San Mungo



Blaise Zabini stava lavorando all'abito da sposa di Ginevra Weasley, quando un piccolo e anonimo assiolo gli si appoggiò su un manichino vuoto dello studio.

Lo osservò distrattamente, poi sospirò, indispettito da quell'interruzione, e recuperò la lettera legata alla zampa del volatile.

Quando, leggendo il suo nome sulla busta, riconobbe la calligrafia di Pansy, il cuore iniziò a battergli furiosamente in petto.

Le aveva scritto una lettera lunedì pomeriggio, per chiederle come stesse e se avesse voglia di cenare insieme. Non si era stupito di non ricevere risposta, ormai si era abituato alla freddezza di Pansy e al suo bisogno di solitudine ogni tanto.

Avevano litigato qualche volta al riguardo.

Lui le aveva fatto notare che si preoccupava e si sentiva escluso, quando lei non gli rispondeva prontamente ai messaggi via gufo, mentre lei gli aveva detto che se non si sentiva di rispondere aveva tutto il diritto di non farlo.

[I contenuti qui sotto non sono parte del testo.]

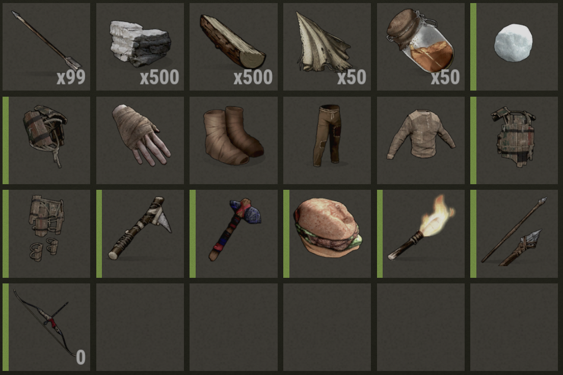 This is the default fresh spawn kit. When a player has no higher tier spawn kits available they will spawn in with these items.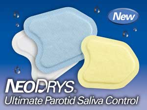 NEODRYS beats the competition in design, comfort, and value! They keep the parotid gland in check for over 15 minutes--far outlasting cotton rolls and other absorbent pads. New Comfort Edge techonology maximizes patient comfort while the poly backing protects the cheek. Work productively while performing sealants, composites, cementations, crown & bridge, amalgam preps, impressions, orthodontics, and laser dentistry. Available in tow sizes: large(blue), and small(yellow). For details and product samples call Microcopy at 1-800-235-1863. Order online at http://www.neodrys.com/.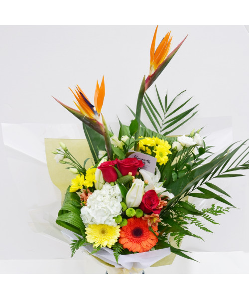 Bird of paradise, Roses, Hydrangea, gerbera, Lily, Chrysanthemum, Lithuanians and Forage.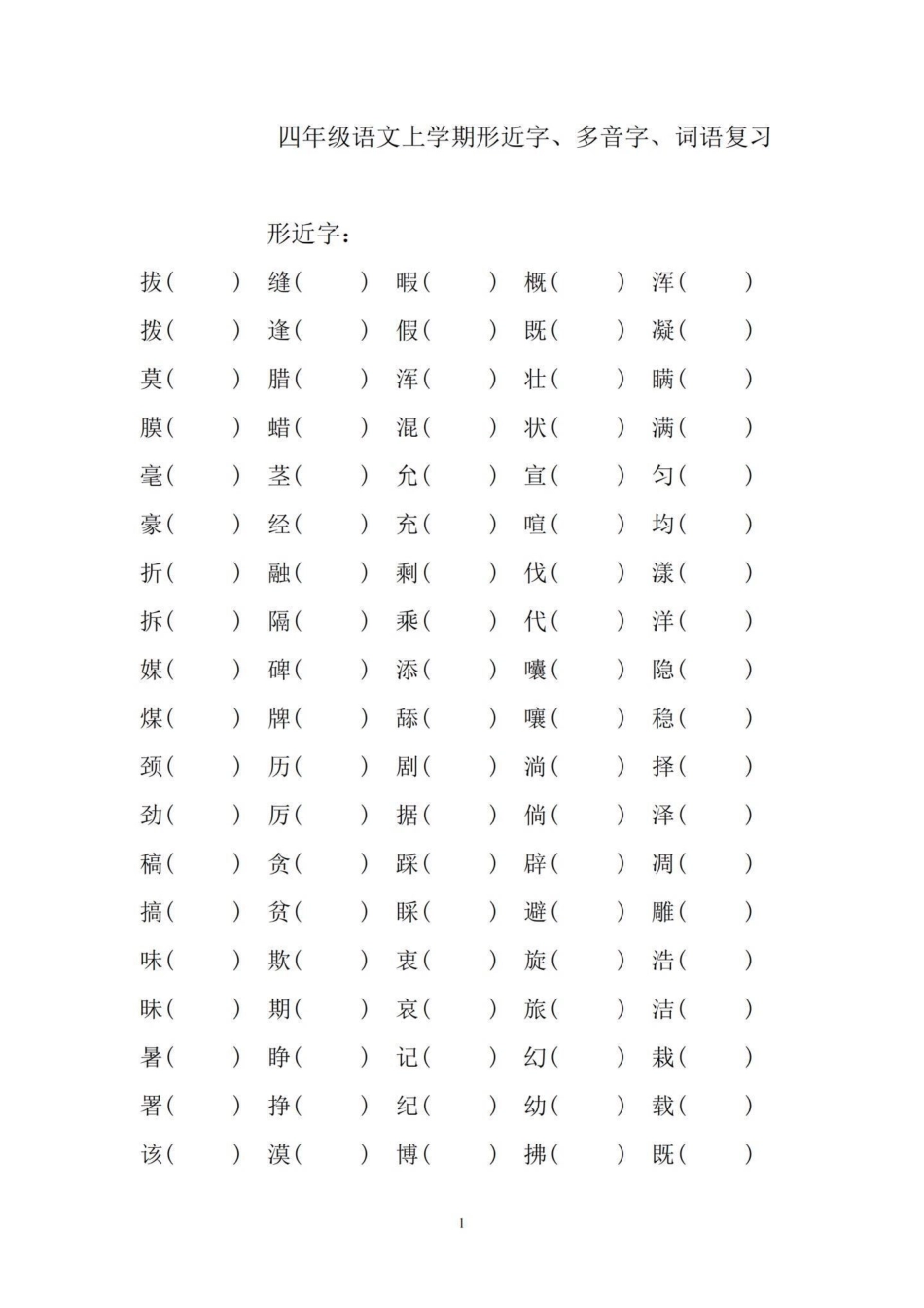 四年级语文上册形近字,多音字,词语总复习。四年级上册的全部形近字、多音字、词语搭配、“的得地”的区分、量词、四字词、近义词、反义词……汇总练习。可打印。有电子版,可打印四年级语文上册  小学语文怎么学.pdf_第1页

Blaise aveva capito col tempo qualcosa del carattere di Pan che aveva sempre saputo, ma che non aveva mai sperimentato sulla propria pelle: Pan si prendeva quello che voleva senza chiedere scusa. Se era del tempo libero, un nuovo abito o una promozione non faceva differenza; lei trovava sempre il modo di ottenere, con impegno e caparbietà, qualsiasi cosa desiderasse.

Blaise aprì la busta con movimenti nervosi e ne lesse il contenuto con avidità.


Ciao, Blaise.

Ho un appuntamento al San Mungo alle tre, tu sai per cosa.

Se non volessi venire, lo capirei, ma mi piacerebbe averti accanto.

Pansy



Una smorfia di dolore incrinò i lineamenti armoniosi di Blaise Zabini, probabilmente una pugnalata al cuore gli avrebbe fatto meno male, rispetto alle parole che aveva appena letto.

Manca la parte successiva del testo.